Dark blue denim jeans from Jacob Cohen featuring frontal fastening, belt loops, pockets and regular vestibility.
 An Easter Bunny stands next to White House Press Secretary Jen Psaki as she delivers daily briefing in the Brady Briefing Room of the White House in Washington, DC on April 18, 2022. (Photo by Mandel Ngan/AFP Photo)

:::

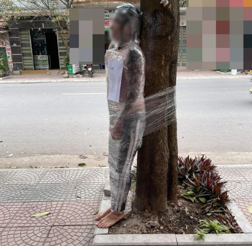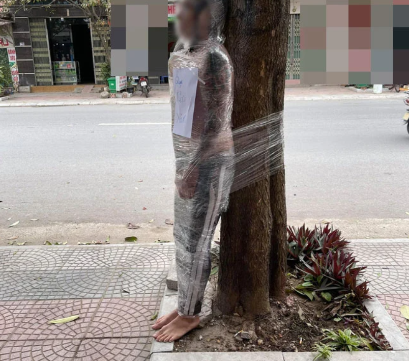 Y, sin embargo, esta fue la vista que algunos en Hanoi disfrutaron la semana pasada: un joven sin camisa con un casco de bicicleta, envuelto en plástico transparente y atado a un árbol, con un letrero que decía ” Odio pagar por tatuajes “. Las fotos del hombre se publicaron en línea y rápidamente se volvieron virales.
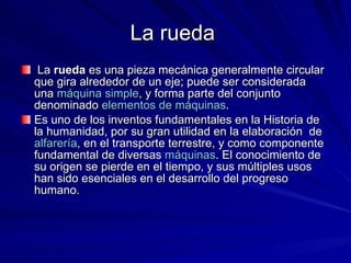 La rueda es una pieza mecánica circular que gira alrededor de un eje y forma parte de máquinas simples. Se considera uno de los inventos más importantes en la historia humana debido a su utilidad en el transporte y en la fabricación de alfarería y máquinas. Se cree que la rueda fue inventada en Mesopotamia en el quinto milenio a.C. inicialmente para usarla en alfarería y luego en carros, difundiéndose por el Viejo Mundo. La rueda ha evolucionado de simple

:::

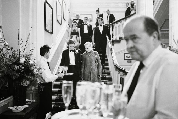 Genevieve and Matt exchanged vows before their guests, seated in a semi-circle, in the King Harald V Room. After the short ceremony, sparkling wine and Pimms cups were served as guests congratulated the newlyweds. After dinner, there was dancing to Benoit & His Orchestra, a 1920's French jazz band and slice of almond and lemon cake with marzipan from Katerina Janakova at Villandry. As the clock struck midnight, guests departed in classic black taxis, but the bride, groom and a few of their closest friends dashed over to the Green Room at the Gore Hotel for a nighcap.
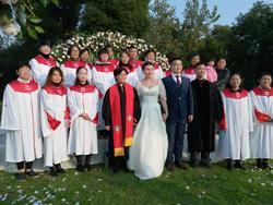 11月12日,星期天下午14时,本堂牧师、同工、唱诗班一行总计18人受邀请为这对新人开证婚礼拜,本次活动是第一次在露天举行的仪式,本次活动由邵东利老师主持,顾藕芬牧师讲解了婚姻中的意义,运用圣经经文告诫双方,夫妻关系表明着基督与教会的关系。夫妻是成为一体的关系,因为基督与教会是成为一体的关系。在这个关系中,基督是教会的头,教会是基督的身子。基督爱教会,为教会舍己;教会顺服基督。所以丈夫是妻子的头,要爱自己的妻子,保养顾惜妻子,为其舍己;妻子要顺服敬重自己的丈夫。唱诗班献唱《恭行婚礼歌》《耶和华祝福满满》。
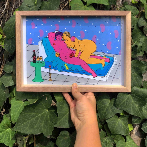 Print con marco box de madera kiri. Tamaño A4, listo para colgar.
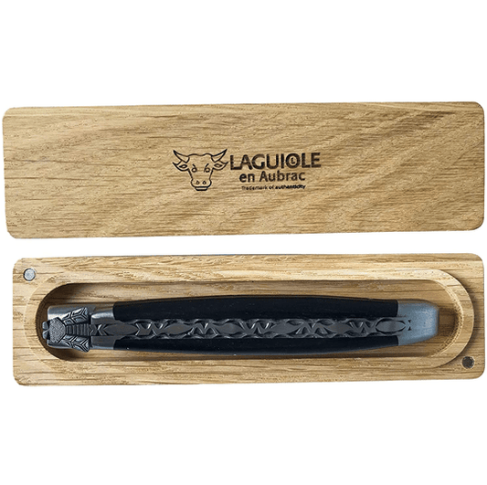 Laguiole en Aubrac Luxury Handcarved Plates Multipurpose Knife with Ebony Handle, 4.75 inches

:::

■ **Directions for this task**: Go back to the listing above. Copy word for word the lines from the one with "Dark blue denim" through the one with "An Easter Bunny", and nothing more.

■ **Exercise solution**:
Dark blue denim jeans from Jacob Cohen featuring frontal fastening, belt loops, pockets and regular vestibility.
 An Easter Bunny stands next to White House Press Secretary Jen Psaki as she delivers daily briefing in the Brady Briefing Room of the White House in Washington, DC on April 18, 2022. (Photo by Mandel Ngan/AFP Photo)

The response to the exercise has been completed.